Opinion In an action to foreclose a mortgage, the defendants Ria Enaw and Augustin G. Enaw appeal, as limited by their brief, from so much of an order of the Supreme Court, Suffolk County (Jones, Jr., J.) dated January 9, 2013, as granted those branches of the plaintiff's motion which were for summary judgment on the complaint insofar as asserted against them and dismissing their counterclaims.
ORDERED that the order is affirmed insofar as appealed from, with costs.
The plaintiff established its prima facie entitlement to judgment as a matter of law on the complaint insofar as asserted against the appellants by the production of the mortgage, the unpaid note, and evidence of default (see U.S. Bank N.A. v. Weinman, 123 A.D.3d 1108, 2 N.Y.S.3d 128 ; Plaza Equities, LLC v. Lamberti, 118 A.D.3d 688, 689, 986 N.Y.S.2d 843 ; Solomon v. Burden, 104 A.D.3d 839, 961 N.Y.S.2d 535 ; Baron Assoc. LLC v. Garcia Group Enters., Inc., 96 A.D.3d 793, 793, 946 N.Y.S.2d 611 ; Petra CRE CDO 2007–1, LLC v. 160 Jamaica Owners, Inc., 73 A.D.3d 883, 884, 904 N.Y.S.2d 699 ).
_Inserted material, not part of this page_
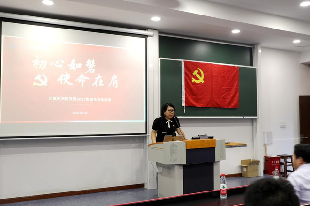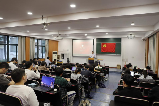 原博士研究生党支部书记、2020年中国老员工自强之星奖学金获得者吴兴蛟为新生党员做主题分享,他告诫新生党员要时刻以一个党员标准要求自己,发挥先锋引领作用。新生党员既要潜心科研,刻苦钻研,又要积极参与各项社会实践,反哺社会创造价值,同时面对挫折应学会调整心态勇往直前。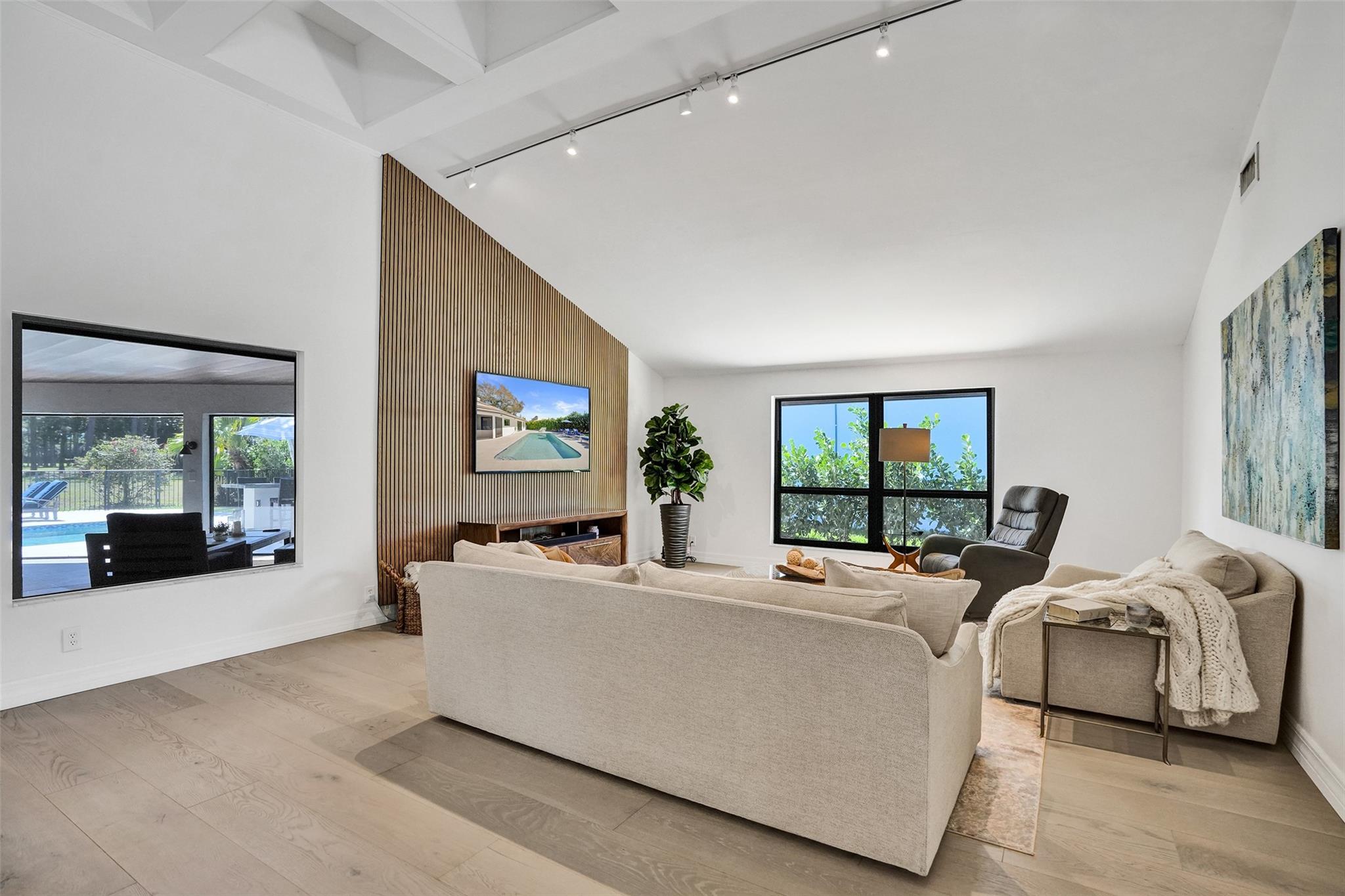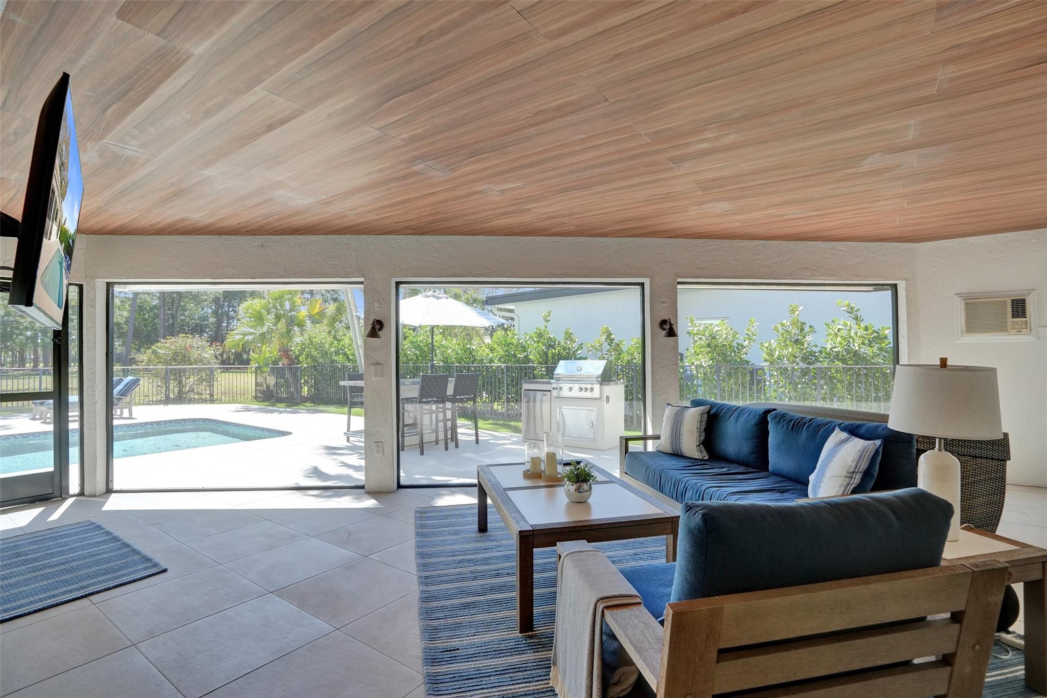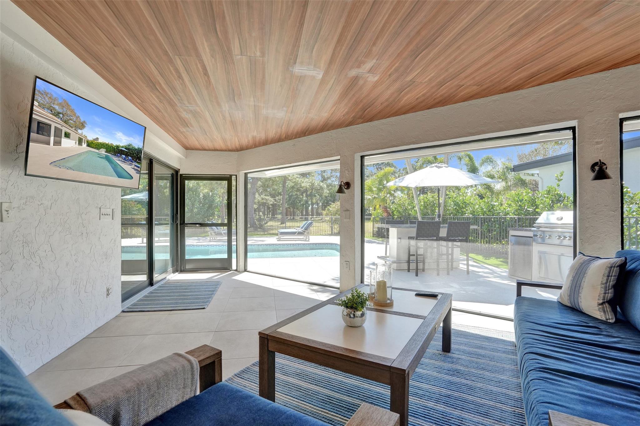 Fully renovated and move in ready this 3-bedroom 3-bath residence is located in Seagate Golf Club. Featuring a sought-after triple-split floor plan, the home offers both privacy and flexibility. Interior highlights include coffered ceilings, hardwood flooring and refined architectural details throughout. The chef's kitchen features a large center island, quartz countertops, custom cabinetry and abundant storage, opening seamlessly to the main living spaces. All three bathrooms have been updated with custom tilework, including a spacious primary suite with separate tub and shower. The private backyard completes the home with a large pool, covered porch and multiple areas to relax outdoors. Opportunities like this are limited with this level of renovation. Golf Membership optional.

In opposition to the plaintiff's motion for summary judgment, the appellants failed to raise a triable issue of fact. The appellants' defense of fraud is without merit. The assertion made by the appellant Ria Enaw, to the effect that she had been led to believe that a reduced monthly payment in the sum of $2,666.01 was guaranteed to remain in effect at least until June 2014, was contradicted both by the terms of the note itself and by the final Truth–In–Lending disclosure statement that was signed by her and the appellant Augustin G. Enaw on March 27, 2007. Any expectation that the appellants would benefit from an annual interest rate of 1.25%, as set forth in a good faith estimate, is flatly contradicted by the interest rate, as set forth on the note itself, and the annual percentage rate that is set forth on the final Truth–in–Lending disclosure statement. A borrower may not properly claim to have reasonably relied on representations that are plainly at odds with the loan documents governing the terms of the loan (see generally Solomon v. Burden, 104 A.D.3d 839, 961 N.Y.S.2d 535 ; Bontempts v. Aude Constr. Corp., 98 A.D.3d 1071, 1073, 951 N.Y.S.2d 561 ; Grand Pac. Fin. Corp. v. 97–111 HALE, LLC, 90 A.D.3d 534, 935 N.Y.S.2d 17 ; Eastern Sav. Bank, FSB v. Sassouni, 68 A.D.3d 917, 892 N.Y.S.2d 421 ).
The appellants' remaining contentions are without merit.
Accordingly, the Supreme Court properly granted those branches of the plaintiff's motion which were for summary judgment on the complaint insofar as asserted against the appellants and dismissing their counterclaims.